(Beginning of Source data)

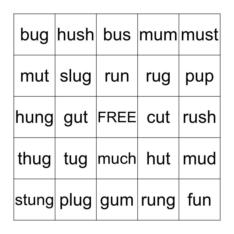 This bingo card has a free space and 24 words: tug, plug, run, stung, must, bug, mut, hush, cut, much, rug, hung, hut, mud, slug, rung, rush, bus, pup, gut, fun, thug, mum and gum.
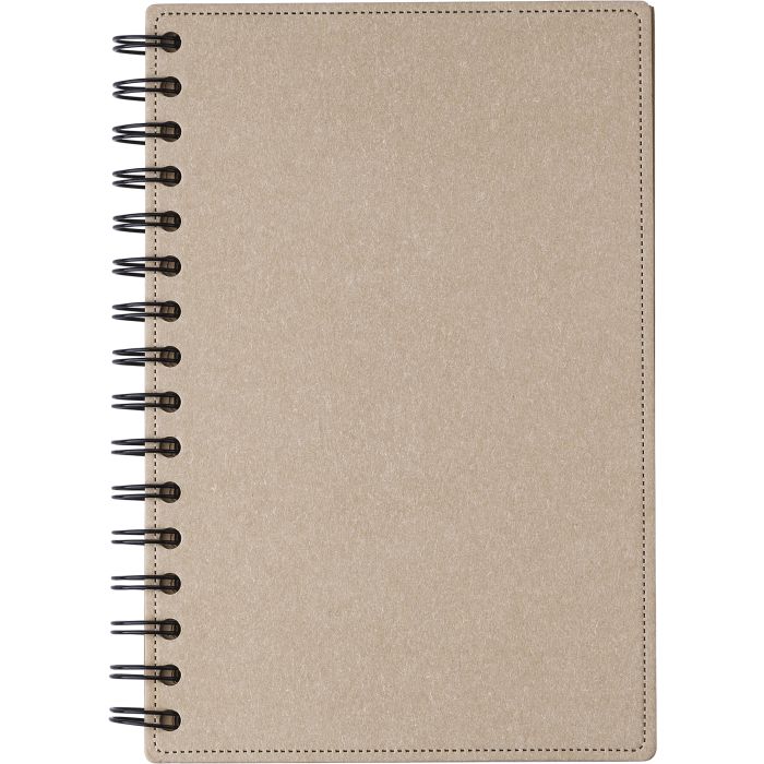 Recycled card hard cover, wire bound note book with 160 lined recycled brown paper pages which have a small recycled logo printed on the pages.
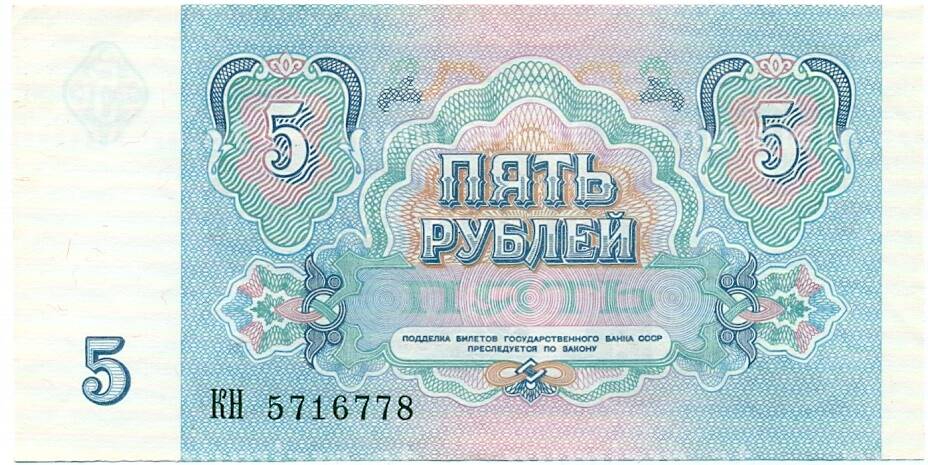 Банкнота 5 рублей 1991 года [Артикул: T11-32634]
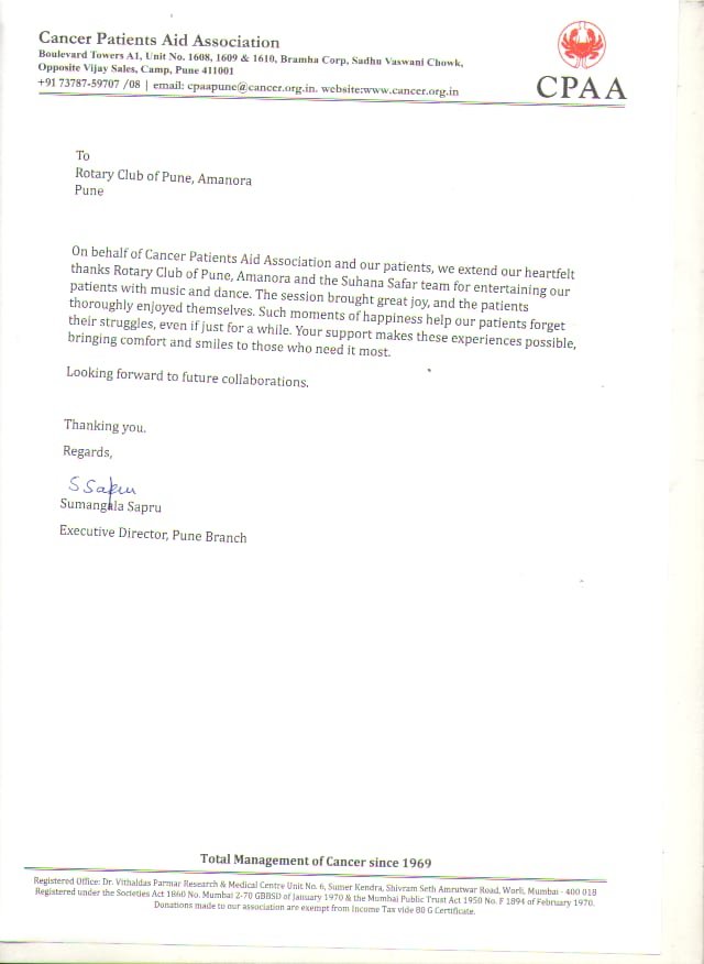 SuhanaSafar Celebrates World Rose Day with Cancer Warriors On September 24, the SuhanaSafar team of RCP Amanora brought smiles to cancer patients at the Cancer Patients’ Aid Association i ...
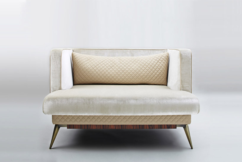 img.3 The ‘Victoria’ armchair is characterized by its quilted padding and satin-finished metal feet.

(End of Source data)

Directions
Above are the records; return them exactly, minus the pictures.

Task solution
 This bingo card has a free space and 24 words: tug, plug, run, stung, must, bug, mut, hush, cut, much, rug, hung, hut, mud, slug, rung, rush, bus, pup, gut, fun, thug, mum and gum.
 Recycled card hard cover, wire bound note book with 160 lined recycled brown paper pages which have a small recycled logo printed on the pages.
 Банкнота 5 рублей 1991 года [Артикул: T11-32634]
 SuhanaSafar Celebrates World Rose Day with Cancer Warriors On September 24, the SuhanaSafar team of RCP Amanora brought smiles to cancer patients at the Cancer Patients’ Aid Association i ...
 img.3 The ‘Victoria’ armchair is characterized by its quilted padding and satin-finished metal feet.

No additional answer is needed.